» TASK REQUIREMENTS
Using the material below, print a verbatim copy of every line from the one containing "通过IP黑名单功能,限制访问" through the one containing "今日の給食は「シーフードカレー」。", inclusive, and omit the pictures.

» AVAILABLE DATA
-------
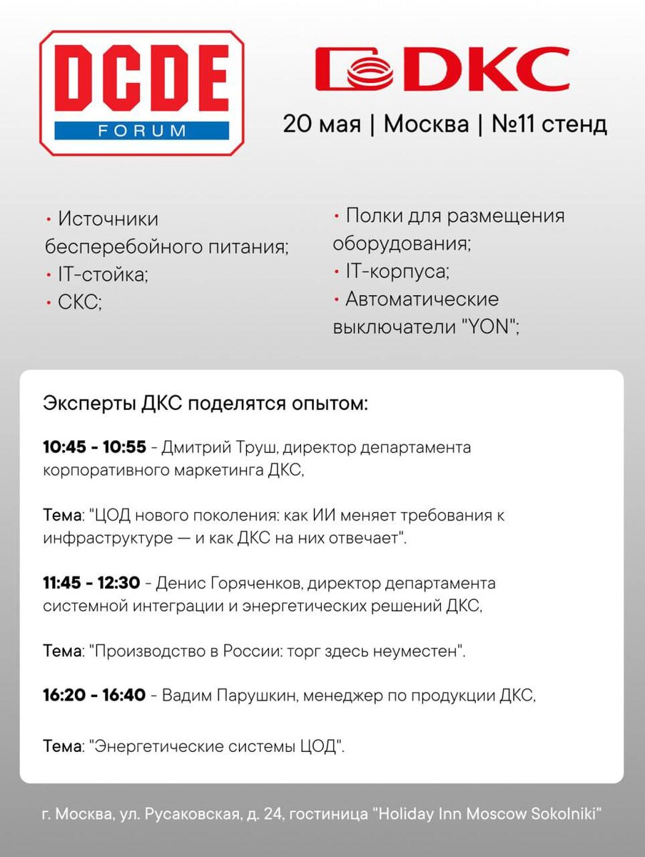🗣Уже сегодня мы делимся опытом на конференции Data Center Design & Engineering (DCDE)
-------
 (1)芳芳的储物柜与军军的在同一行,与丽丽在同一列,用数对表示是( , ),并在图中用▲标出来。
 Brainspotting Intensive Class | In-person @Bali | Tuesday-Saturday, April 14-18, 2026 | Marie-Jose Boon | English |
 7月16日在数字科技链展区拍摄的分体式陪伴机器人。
-------
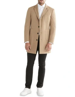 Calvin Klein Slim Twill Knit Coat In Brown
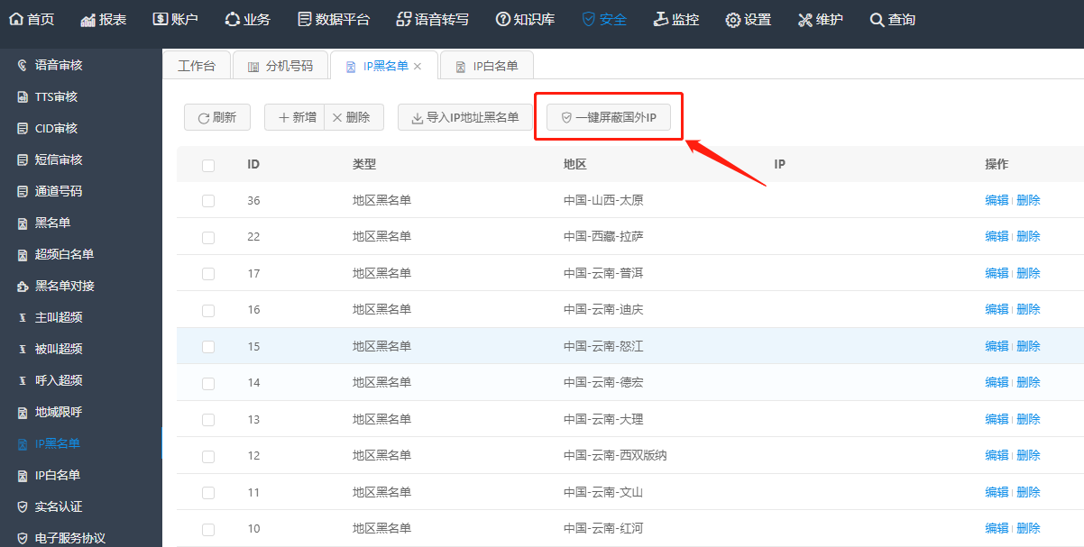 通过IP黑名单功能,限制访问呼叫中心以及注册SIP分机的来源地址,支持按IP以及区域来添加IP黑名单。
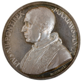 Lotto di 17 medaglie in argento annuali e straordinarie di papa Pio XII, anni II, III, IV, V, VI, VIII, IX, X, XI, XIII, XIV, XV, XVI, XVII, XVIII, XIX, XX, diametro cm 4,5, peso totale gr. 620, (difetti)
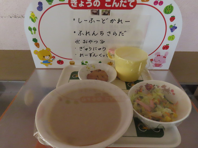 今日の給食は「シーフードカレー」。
-------
» OUTPUT OF THE TASK
 通过IP黑名单功能,限制访问呼叫中心以及注册SIP分机的来源地址,支持按IP以及区域来添加IP黑名单。
 Lotto di 17 medaglie in argento annuali e straordinarie di papa Pio XII, anni II, III, IV, V, VI, VIII, IX, X, XI, XIII, XIV, XV, XVI, XVII, XVIII, XIX, XX, diametro cm 4,5, peso totale gr. 620, (difetti)
 今日の給食は「シーフードカレー」。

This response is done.